Working alongside it are neem and clove oils, two ingredients long valued within Ayurvedic practice. Neem has been prized for generations for its cleansing and antifungal qualities, while clove oil is recognised for its antimicrobial benefits. Together, this trio allows Euclove to clean, deodorise and support everyday household hygiene — an effective, naturally aromatic alternative to the harsh chemical intensity of conventional cleaners.
Sustainability Is Built Into Every Euclove Bottle
For many consumers, natural cleaning is about more than what goes into the bottle — it’s also about the bottle itself. Reflecting the brand’s broader commitment to conscious living, Euclove bottles are manufactured from 70% recycled plastic, while trigger sprays are intentionally designed without metal springs, a small engineering decision that makes them significantly easier to recycle.
Refill options reduce single-use packaging over time, and reused cardboard packaging further cuts waste across the supply chain.

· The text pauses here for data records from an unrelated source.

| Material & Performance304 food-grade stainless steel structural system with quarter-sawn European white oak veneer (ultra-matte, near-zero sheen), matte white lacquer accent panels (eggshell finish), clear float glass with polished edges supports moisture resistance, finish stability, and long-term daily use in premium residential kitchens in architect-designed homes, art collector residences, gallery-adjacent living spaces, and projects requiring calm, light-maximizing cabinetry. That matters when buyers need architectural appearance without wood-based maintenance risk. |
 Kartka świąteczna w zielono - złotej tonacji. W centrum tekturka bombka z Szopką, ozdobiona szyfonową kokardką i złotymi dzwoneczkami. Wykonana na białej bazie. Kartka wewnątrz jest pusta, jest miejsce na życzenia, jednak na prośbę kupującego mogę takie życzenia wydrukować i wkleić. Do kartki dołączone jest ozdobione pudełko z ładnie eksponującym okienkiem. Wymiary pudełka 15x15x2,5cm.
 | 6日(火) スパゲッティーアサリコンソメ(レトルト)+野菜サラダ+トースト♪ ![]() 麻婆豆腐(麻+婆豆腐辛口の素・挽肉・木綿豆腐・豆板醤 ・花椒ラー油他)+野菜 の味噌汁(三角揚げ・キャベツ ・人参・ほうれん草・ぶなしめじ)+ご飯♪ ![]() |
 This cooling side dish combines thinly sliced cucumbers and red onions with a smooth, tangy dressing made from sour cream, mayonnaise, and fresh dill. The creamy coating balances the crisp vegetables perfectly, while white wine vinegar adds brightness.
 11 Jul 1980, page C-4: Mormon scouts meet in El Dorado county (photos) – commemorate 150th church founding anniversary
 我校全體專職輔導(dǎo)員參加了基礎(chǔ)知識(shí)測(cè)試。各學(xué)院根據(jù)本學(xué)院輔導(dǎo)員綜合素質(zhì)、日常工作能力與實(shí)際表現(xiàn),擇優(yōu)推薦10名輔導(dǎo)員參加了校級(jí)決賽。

It’s an approach that treats sustainability as a design principle rather than a marketing afterthought.
Euclove’s values extend into the community, too. Through a partnership with The Nurtured Village, the brand provides donations and practical care hampers for mothers and families in need — connecting everyday household purchases to tangible social impact.
Euclove and the Future of Low-Tox Living
The convergence of Ayurvedic wisdom and Australian eucalyptus reflects a wider shift in how households define a clean home. Increasingly, it isn’t just one that looks spotless — it’s one that supports the health of the people living in it and treads more lightly on the planet.
As low-tox living continues to gain momentum across Australia, Euclove demonstrates that the most forward-thinking cleaning solutions can be rooted in ideas that have stood the test of 5,000 years. For households ready to rethink what’s under the sink, the answer may be equal parts ancient tradition and Australian bush.